В этот момент раздался телефонный звонок. Пафнутьев быстро поднял трубку.
– Внимательно вас слушаю!
– Привет, Паша, – завопил Шаланда.
– О, Жора! Рад слышать твой голос!
– Так уж и рад? – настороженно спросил Шаланда, опасаясь розыгрыша.
– А я всегда! – заверил Пафнутьев. – Я же знаю, что по плохому поводу беспокоить не станешь. Если звонишь, значит, случилось что-то радостное, необычное!
– Случилось, – негромко произнес Шаланда. – Труп, Паша.
– Молодая прекрасная женщина? – спросил Пафнутьев, еще секунду назад не думая ни о чем подобном.
– Да, Паша… Молодая и прекрасная. Ты уже знаешь? Кто-то меня опередил?
– Что, угадал?! – Пафнутьев потрясенно откинулся на спинку стула. – Кошмар какой-то!
– Ты в самом деле ничего не знал, Паша? А я подумал, что шутишь… Извини, конечно. Так вот, Паша… Удар по затылку и ножом по шее. Тебе это немного знакомо, да? И это, Паша… У нее в руке зажат нож… Причем так странно зажат… Она держит его за лезвие.
– Голая? – спросил Пафнутьев.
– Одежек на ней я не заметил. Никаких. Наши ребята прикрыли какими-то тряпками, что под руку подвернулось… А так чтобы на ней, то ничего нет. У тебя не завелось мыслишки какой-нибудь по этому поводу?
– Есть, но ни одной приличной.
– У меня тоже, – пожаловался Шаланда.
– Один вопрос, Жора… Ты ведь был на месте обнаружения этой находки?
– Ну?
– Она это… Светленькая?
– А ты откуда знаешь? – У Шаланды была одна особенность: то ли слабость, то ли достоинство – не мог он в разговоре произнести ни слово «да», ни слово «нет». Как-то обходился, выкручивался, и, надо же, удавалось, хотя многих это раздражало.
Трудно сказать наверняка, что за этим стояло, но постоянная необходимость брать на себя ответственность выработала в нем эту привычку.

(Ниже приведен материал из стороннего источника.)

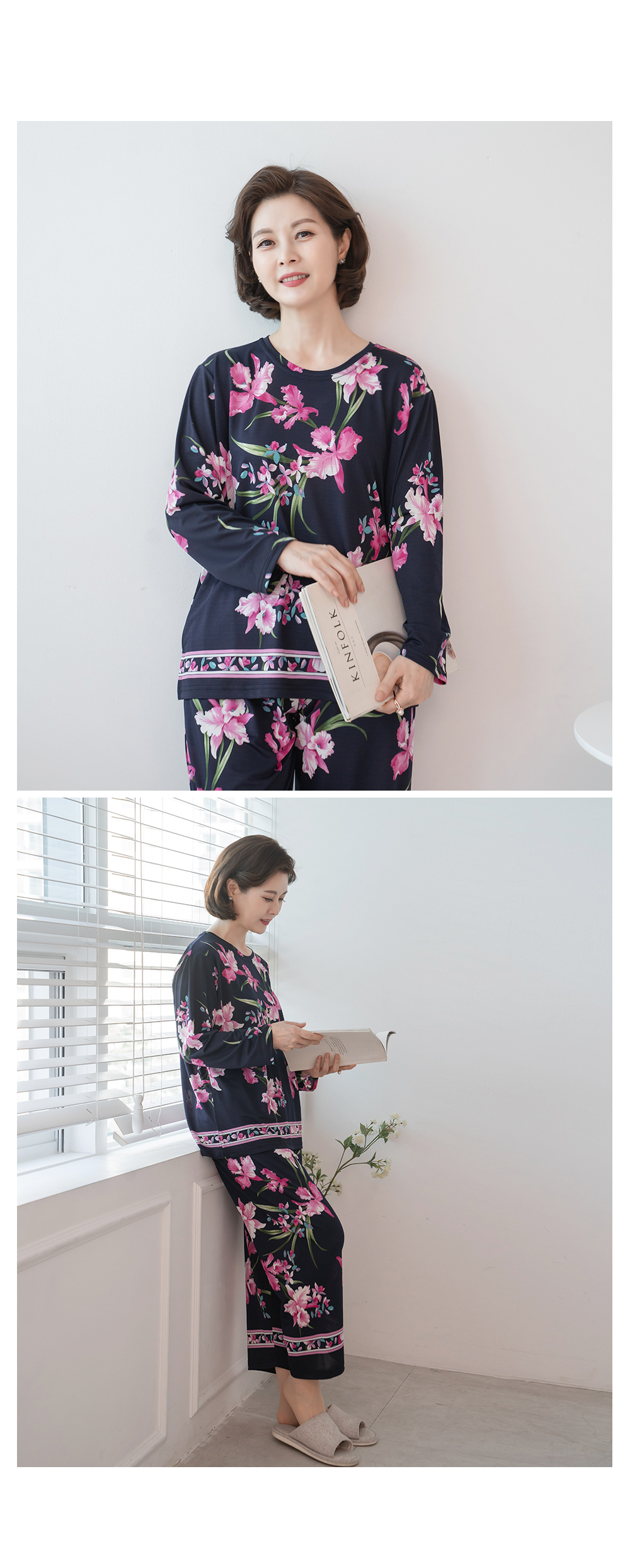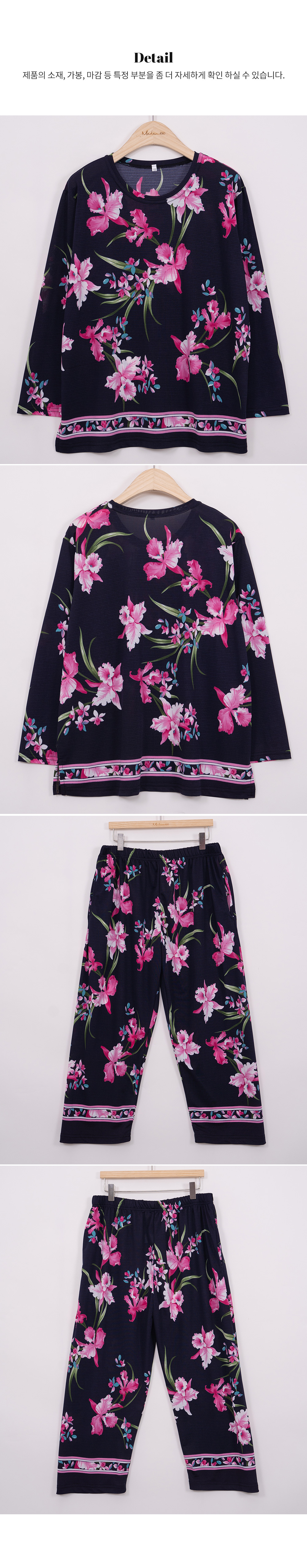 사이즈 총장(상/하) 총장(상/하) 가슴(단면)/엉덩이(단면) 소매길이(단면)/밑위(단면) 암홀(단면)/허벅지(단면) 소매통(단면) 소매단(단면) 밑단(단면)(상/하) 목너비

Ведь всегда можно потом, при новых вскрывшихся обстоятельствах сказать с чистой совестью – я этого не подтверждал, я этого не отрицал, я вообще своего мнения не высказал, потому что у меня к тому времени не было мнения, да, я не могу себе позволить, как некоторые, судить с кондачка, поскольку знаю, что за каждым моим словом судьбы людские, а не хухры-мухры махорочные!
Возможно, дело было в этом, а скорее всего, в другом – подшучивали над Шаландой, разыгрывали его, за спиной пальцем на него показывали и делали при этом непристойные телодвижения. Во всяком случае, так ему казалось, и потому он осторожничал, понимая, что хотя соображает неплохо в своем деле, получше других, но гораздо медленнее, гораздо. Отсюда и привычка на вопрос отвечать вопросом, как бы уточняющим, как бы и с согласием, но в то же время и с сомнением. Такой человек, куда деваться, не самый, между прочим, плохой человек, и недостаток этот тоже не из самых тяжких.
– Догадываюсь, – ответил Пафнутьев.
– Таишься?
– От тебя?!
– Что-то ты, Паша, скрываешь, – проворчал Шаланда. – А напрасно. Я мог бы тебе кое-что и поподробнее рассказать.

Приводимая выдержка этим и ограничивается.